Neural field theory has a long-standing tradition in the mathematical and computational neurosciences. Beginning almost 50 years ago with seminal work by Griffiths and culminating in the 1970ties with the models of Wilson and Cowan, Nunez and Amari, this important research area experienced a renaissance during the 1990ties by the groups of Ermentrout, Robinson, Bressloff, Wright and Haken. Since then, much progress has been made in both, the development of mathematical and numerical techniques and in physiological refinement und understanding.
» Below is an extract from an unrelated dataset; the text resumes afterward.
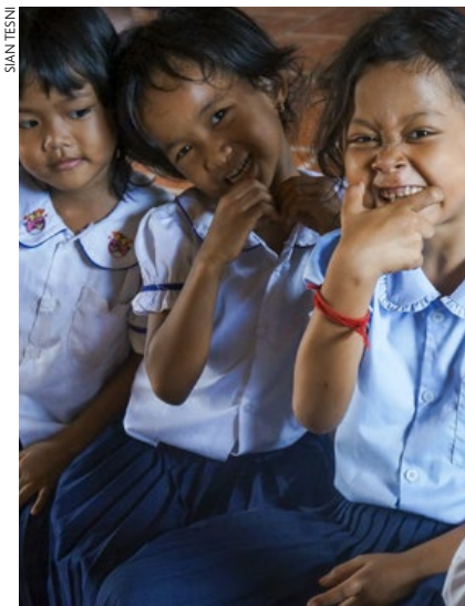
Children attending an inclusive pre-school.

Disability, and with it hearing impairment, is now a question of human rights. As stressed by Kcat (page 9), people with hearing loss live in the same world that everyone lives in. They must have equal access to it.

In contrast to large-scale neural network models described by huge connectivity matrices that are computationally expensive in numerical simulations, neural field models described by connectivity kernels allow for analytical treatment by means of methods from functional analysis. Thus, a number of rigorous results on the existence of bump and wave solutions or on inverse kernel construction problems are nowadays available. Moreover, neural fields provide an important interface for the coupling of neural activity to experimentally observable data, such as the electroencephalogram (EEG) or functional magnetic resonance imaging (fMRI). And finally, neural fields over rather abstract feature spaces, also called dynamic fields, found successful applications in the cognitive sciences and in robotics. Up to now, research results in neural field theory have been disseminated across a number of distinct journals from mathematics, computational neuroscience, biophysics, cognitive science and others. There is no comprehensive collection of results or reviews available yet. With our proposed book Neural Field Theory, we aim at filling this gap in the market. We received consent from some of the leading scientists in the field, who are willing to write contributions for the book, among them are two of the founding-fathers of neural field theory: Shun-ichi Amari and Jack Cowan.